■ **WHAT NEEDS TO BE DONE**:
Skip the pictures and copy all the data that follows exactly.

Data extracted from a collection
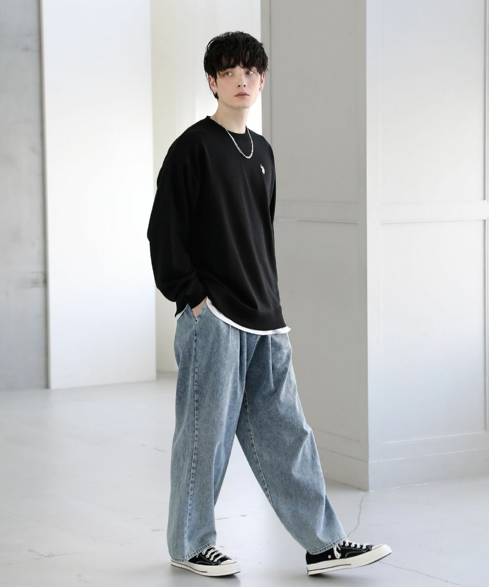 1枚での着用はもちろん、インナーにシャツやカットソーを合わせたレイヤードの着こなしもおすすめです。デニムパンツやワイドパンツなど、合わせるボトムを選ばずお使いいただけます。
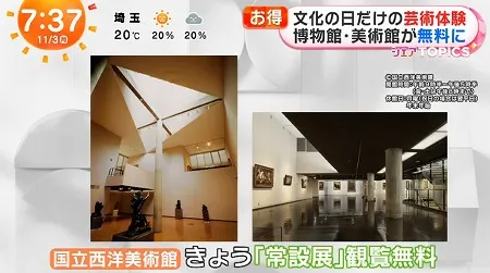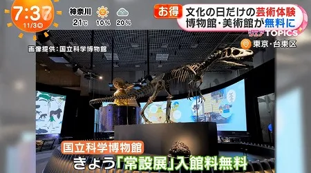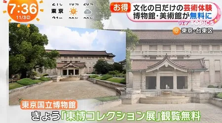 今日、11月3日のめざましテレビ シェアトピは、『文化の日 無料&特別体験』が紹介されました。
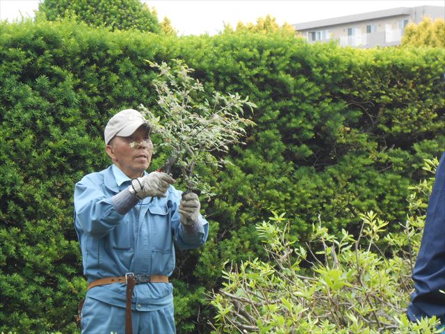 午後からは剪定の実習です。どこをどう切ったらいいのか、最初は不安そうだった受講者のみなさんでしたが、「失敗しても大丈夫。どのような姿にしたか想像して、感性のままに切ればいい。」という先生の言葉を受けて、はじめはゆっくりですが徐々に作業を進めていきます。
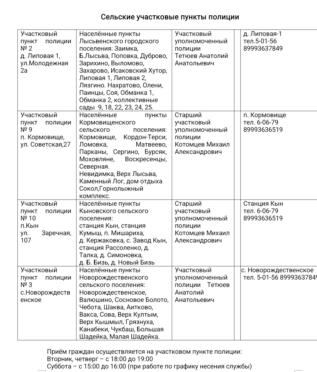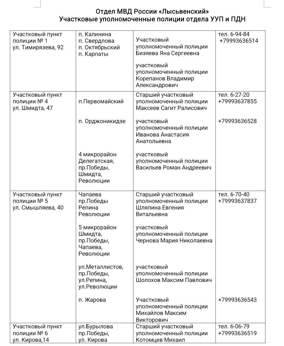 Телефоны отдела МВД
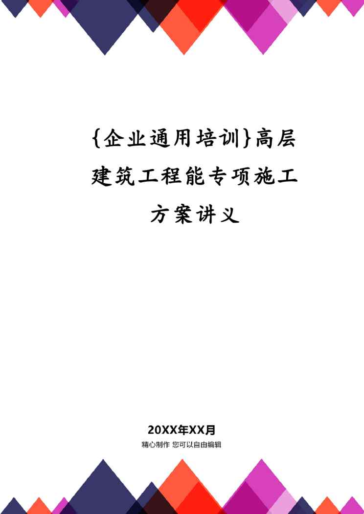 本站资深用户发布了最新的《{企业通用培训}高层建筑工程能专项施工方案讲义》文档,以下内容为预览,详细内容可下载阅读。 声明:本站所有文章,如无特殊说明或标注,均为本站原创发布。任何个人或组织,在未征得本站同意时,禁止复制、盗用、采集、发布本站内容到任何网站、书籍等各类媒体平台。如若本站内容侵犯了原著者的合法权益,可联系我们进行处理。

■ **RESPONSE FOR THIS EXERCISE**:
 1枚での着用はもちろん、インナーにシャツやカットソーを合わせたレイヤードの着こなしもおすすめです。デニムパンツやワイドパンツなど、合わせるボトムを選ばずお使いいただけます。
 今日、11月3日のめざましテレビ シェアトピは、『文化の日 無料&特別体験』が紹介されました。
 午後からは剪定の実習です。どこをどう切ったらいいのか、最初は不安そうだった受講者のみなさんでしたが、「失敗しても大丈夫。どのような姿にしたか想像して、感性のままに切ればいい。」という先生の言葉を受けて、はじめはゆっくりですが徐々に作業を進めていきます。
 Телефоны отдела МВД
 本站资深用户发布了最新的《{企业通用培训}高层建筑工程能专项施工方案讲义》文档,以下内容为预览,详细内容可下载阅读。 声明:本站所有文章,如无特殊说明或标注,均为本站原创发布。任何个人或组织,在未征得本站同意时,禁止复制、盗用、采集、发布本站内容到任何网站、书籍等各类媒体平台。如若本站内容侵犯了原著者的合法权益,可联系我们进行处理。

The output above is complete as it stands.